Information given:
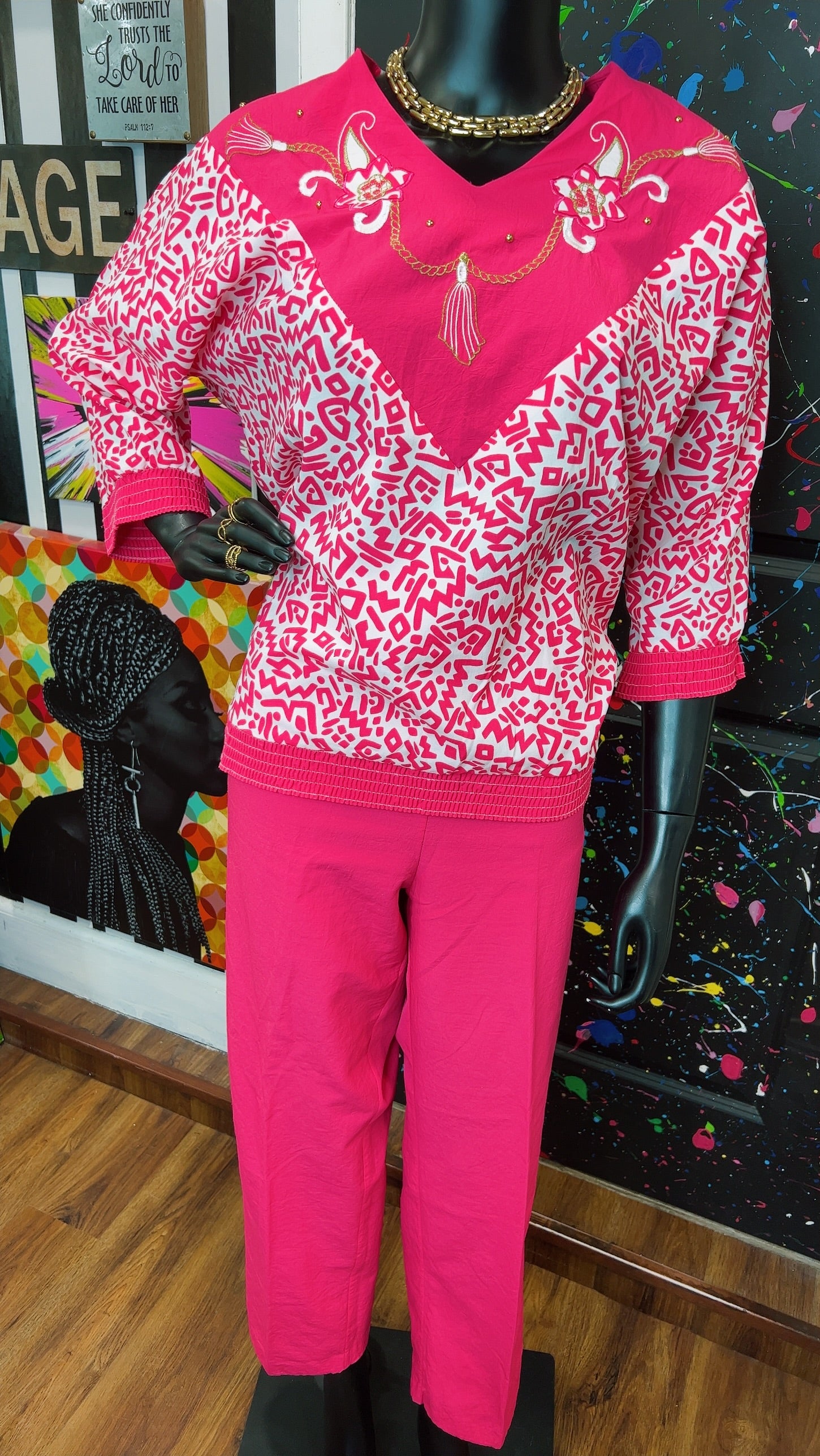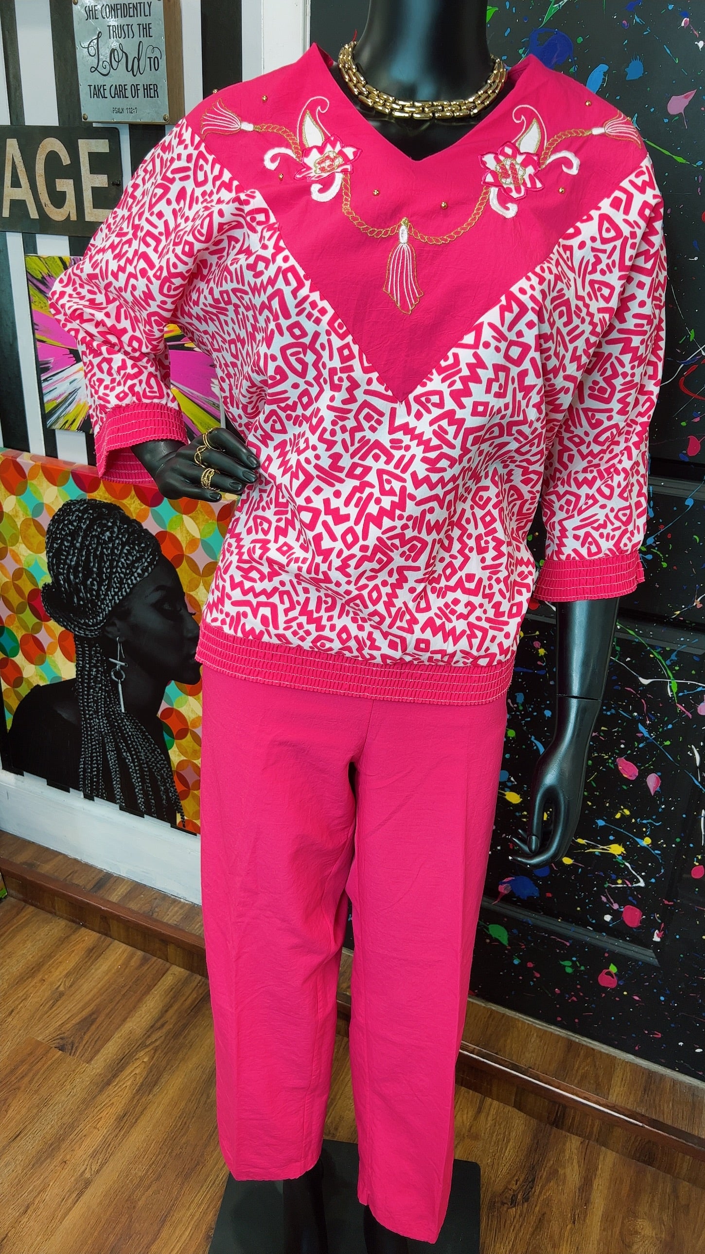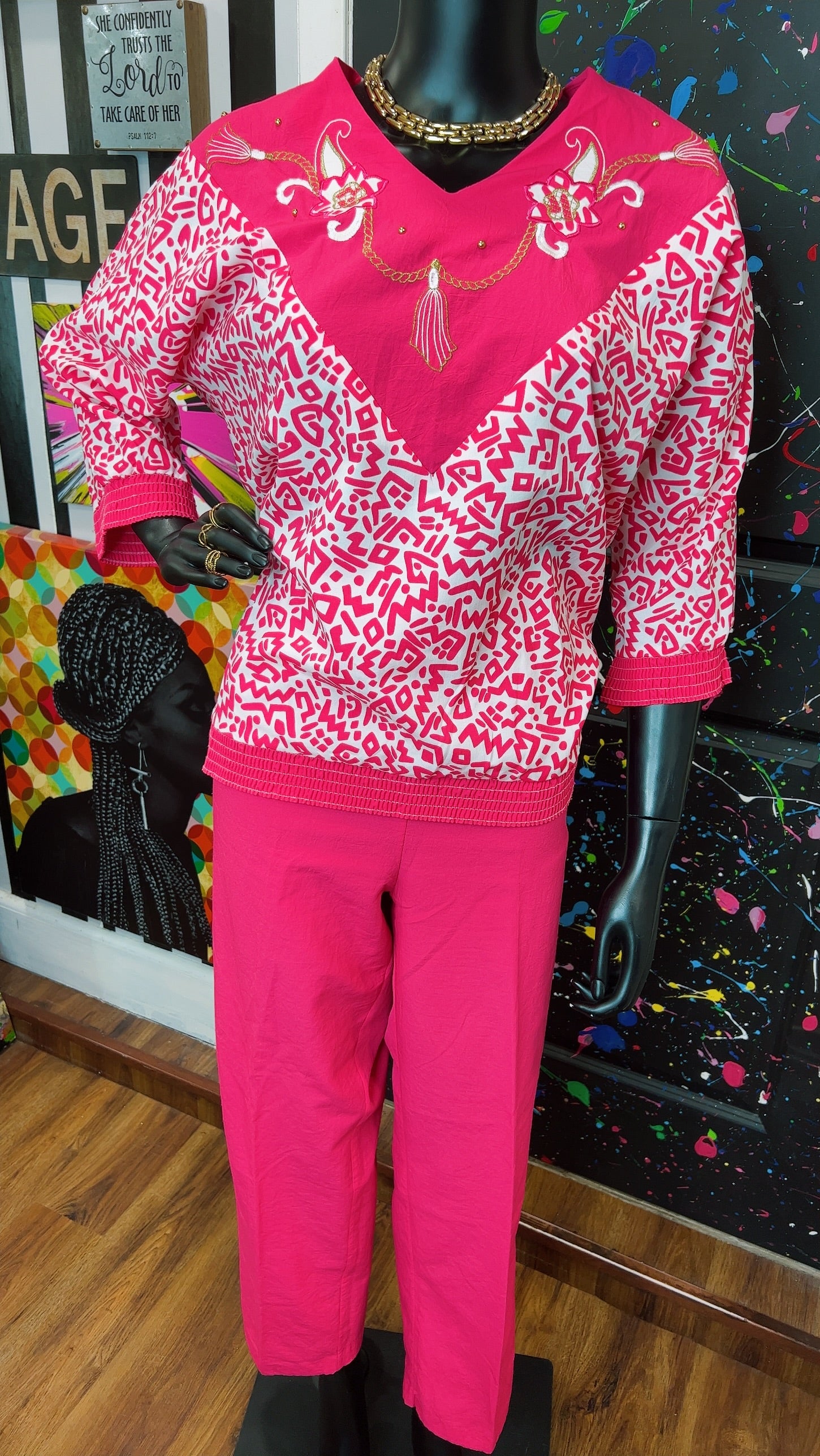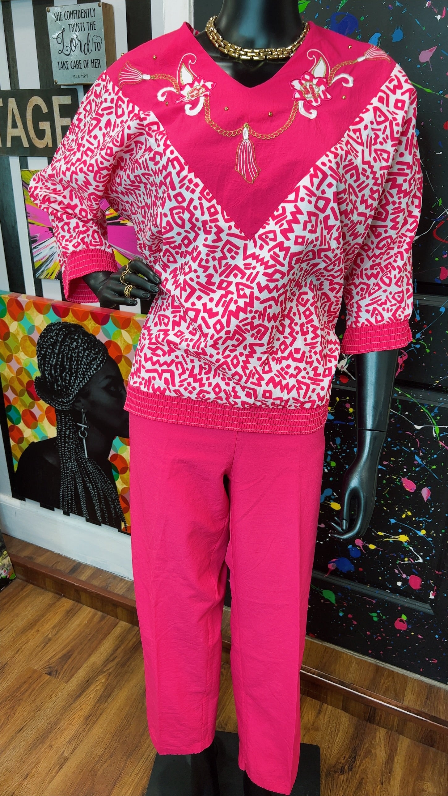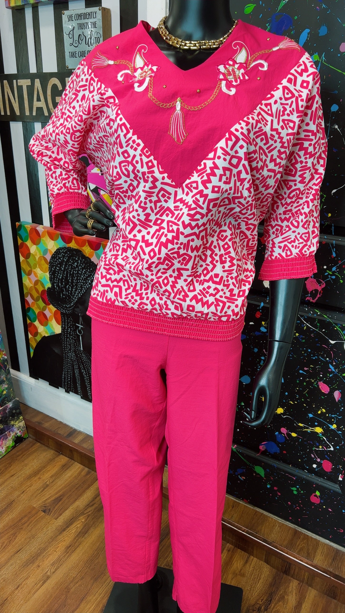 Vintage Pink & White Bonnie Pants Set (12/14)
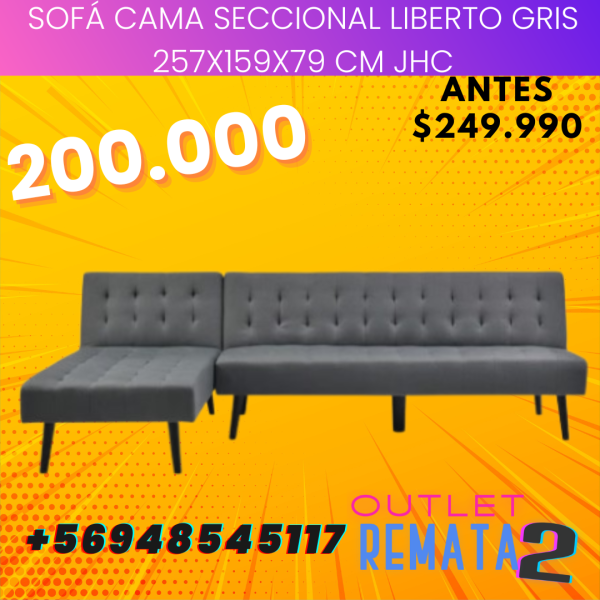 Sofá Cama Seccional Liberto Gris 257x159x79 cm JHC
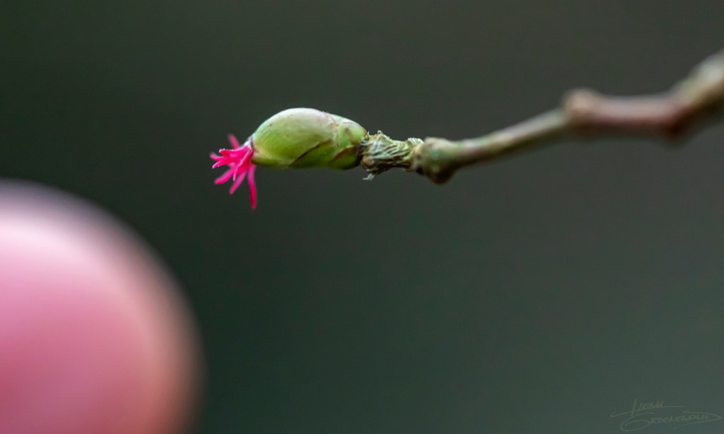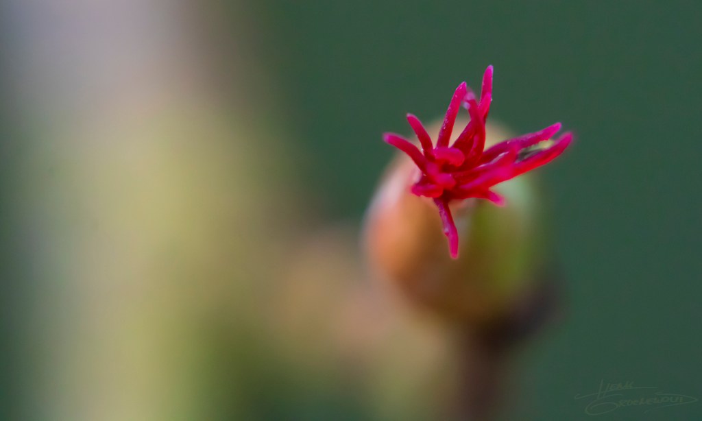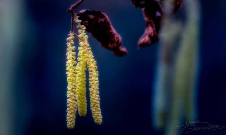 Eind januari, en de hazelaars staan in volle bloei. De katjes strooien het stuifmeel rond. Als je goed kijkt, dan zie je op sommige takken ook heel kleine rode puntjes, slechts een millimeter groot (ter vergelijking zie je mijn vingertop). Het zijn de bloempjes die het stuifmeel opvangen, om zich later te ontwikkelen tot hazelnoten.
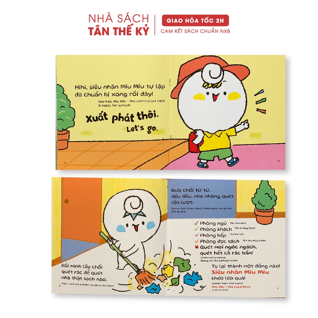- Bộ 8 quyển gồm: 1. SONG NGỮ Miu Miu Tự Lập - Dọn nhà 2. SONG NGỮ Miu Miu Tự Lập - Rửa tay 3. SONG NGỮ Miu Miu Tự Lập - Tập xe đạp 4. SONG NGỮ Miu Miu Tự Lập - Học làm bếp 5. SONG NGỮ Miu Miu Tự Lập - Đi siêu thị 6. SONG NGỮ Miu Miu Tự Lập - Đi học 7. SONG NGỮ Miu Miu Tự Lập - Có em 8. SONG NGỮ Miu Miu Tự Lập - Trông em
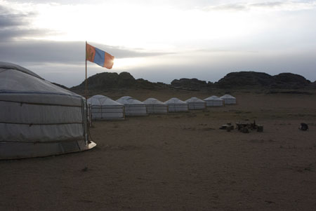 It wasn’t particularly cold, but as the day wore on, we saw damp areas start to appear in the cloth covering that faced the wind. Finally some water started to drip in in spots. The gers are covered with what our guide called “Russian canvas” for waterproofing and it mostly worked. Tuya, our guide, came back to the ger to chat after dinner and we could see that it was getting worse and worse. One of the camp guys came in and said that one of the other gers was dry, so we pulled together our stuff in about a minute and moved. A fire was quickly lighted in the stove (wood and dung) and we settled in for the night without any idea of how long the storm would last. For all we knew, we had driven six hours to sit in a ger for three days.
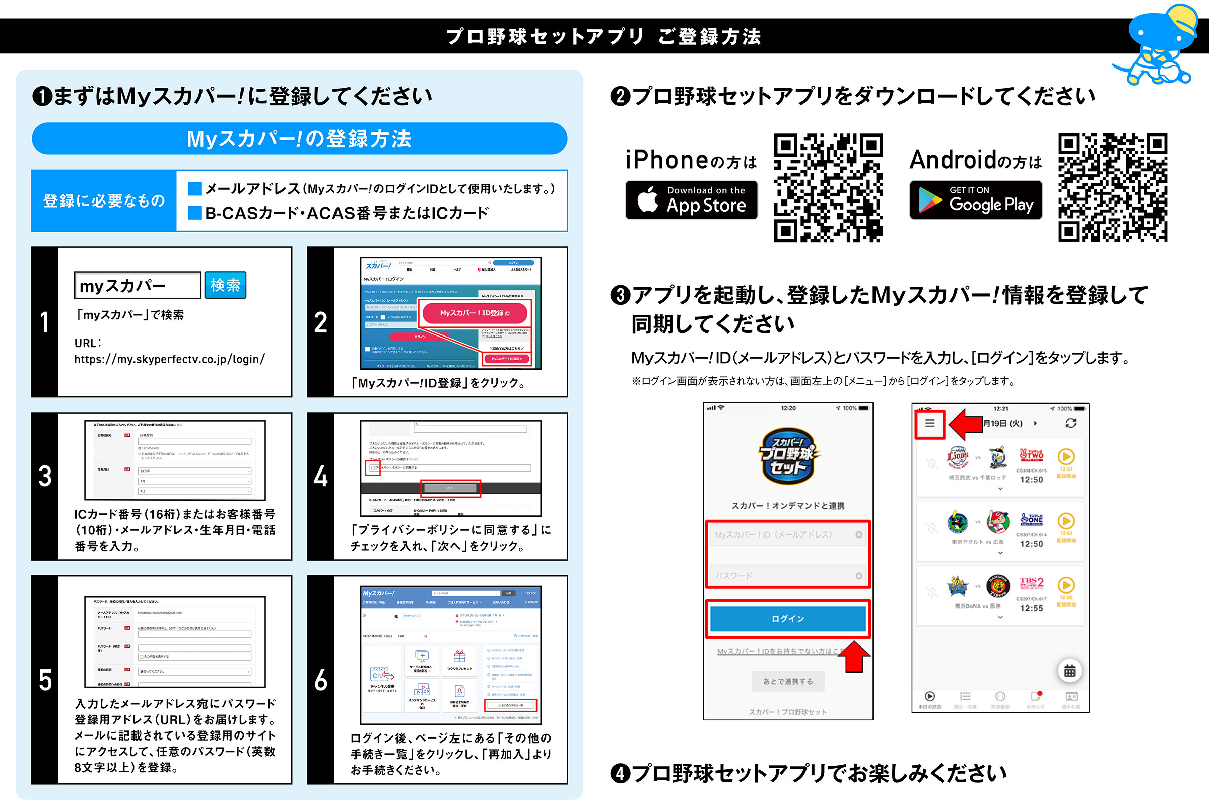 スマホで視聴する場合は「スカパー!プロ野球セットアプリ」がオススメ!試合配信のほかにアプリならではのコンテンツが目白押し!!

What this task involves:
The answer must consist solely of the lines from the first line of the data through the line containing "Eind januari, en", inclusive, reproduced exactly and without pictures.

Written solution:
 Vintage Pink & White Bonnie Pants Set (12/14)
 Sofá Cama Seccional Liberto Gris 257x159x79 cm JHC
 Eind januari, en de hazelaars staan in volle bloei. De katjes strooien het stuifmeel rond. Als je goed kijkt, dan zie je op sommige takken ook heel kleine rode puntjes, slechts een millimeter groot (ter vergelijking zie je mijn vingertop). Het zijn de bloempjes die het stuifmeel opvangen, om zich later te ontwikkelen tot hazelnoten.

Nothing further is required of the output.